How do you look at dividend cuts and what do you think of how I described the dividend fluctuations of ETFs? How was your month of December?

Disclaimer: None of the content of this site is to be considered investment advice. Readers have to form their own opinion about which investments are right for them and take full responsibility for their own actions.

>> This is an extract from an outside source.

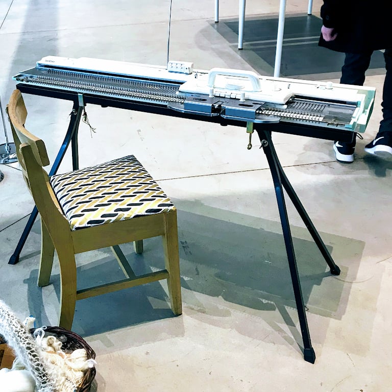 The image shows a knitting machine set up on a folding table beside a chair with a patterned cushion.
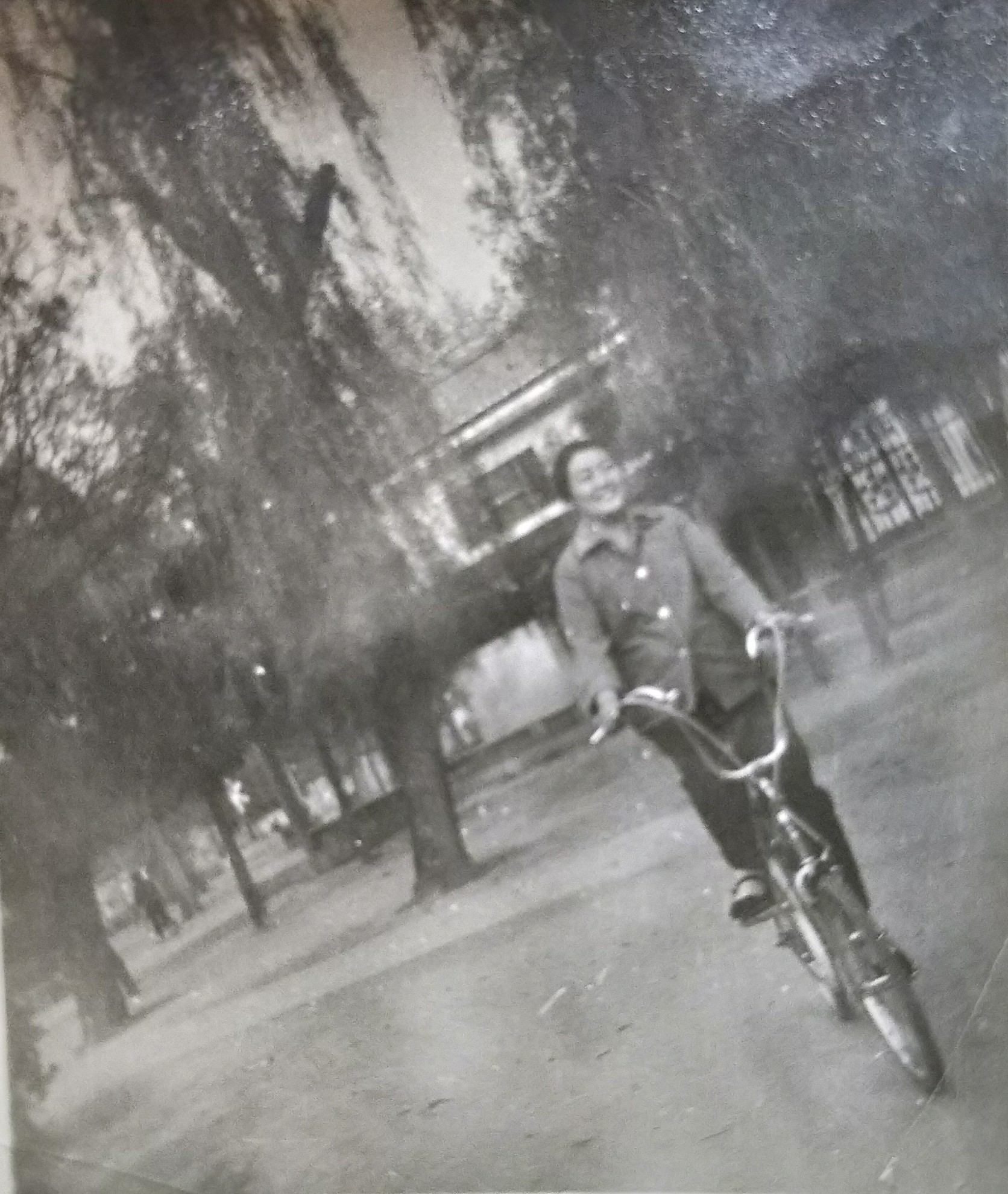 上世纪七十年代,岳母刚参加工作不久,每个月只有20多元工资,十几个同事每人兑10元,凑了140元(当时称为“兑汇”,是当时非常流行的一种集资互助形式。)买了人生中的第一辆自行车,骑着它就去照了张照片留念。

6 thoughts on “Dividend Income Update – December 2016

  1. Still, a solid showing from a passive income perspective even if it was a little lower year over year. Distributions from funds are not as easily calculated as from a “traditional” stock and I wouldn’t consider them the same as a dividend. But, to answer your question about a dividend cut, I still hold on to the shares if I believe the company hasn’t changed fundamentally. I held on to my GE, WFC and IR when they cut during the financial crisis and I am happy I did. If I think something has drastically changed with the business and the industry has changed, I’d sell but it’s a tough decision nonetheless. Thanks for sharing.


    • Hi DH,
      thank you very much for your comment. I agree that fund distributions work different to how they work at companies. Nevertheless, I do consider them dividends as well. I even pay the same tax on them, unfortunately. Even though the dividend particularly from my UK dividend ETF was lower year over year, I plan to hold on to it. I might even add to that position in a few months or so. First, I will write another post on an addition to another position.
      Thanks for stopping by.


  2. Hi DIB,
    The important thing is that you’re building a foundation so I think it’s all good in the long-term.

    I don’t really worry about fund distributions too much. I did get lower than expected distributions from VIHAX, but haven’t looked into why it was lower as it could simply be currency related. I don’t think there was a massive amount of inflows to the fund but they did announcement a purchase fee so perhaps there was.

    I wonder if the UK dividends were a little lower in 2016 because they were artificially boosted towards the end of 2015 to avoid the incoming dividend tax changes for 2016?

    Best wishes,


    • Hi DL,
      Thank you very much for your comment. I was actually not aware of dividend tax changes in 2016 in the UK. That could certainly have had an impact.
      Currencies might have played a role as well however I suspect it would not explain the drop from EUR 0.18 to EUR 0.10 in dividends per share.
      Thank you very much for your mental support. I’m indeed trying to build that foundation for years to come.
      Thank you for stopping by and all the best to you and your partner in 2017!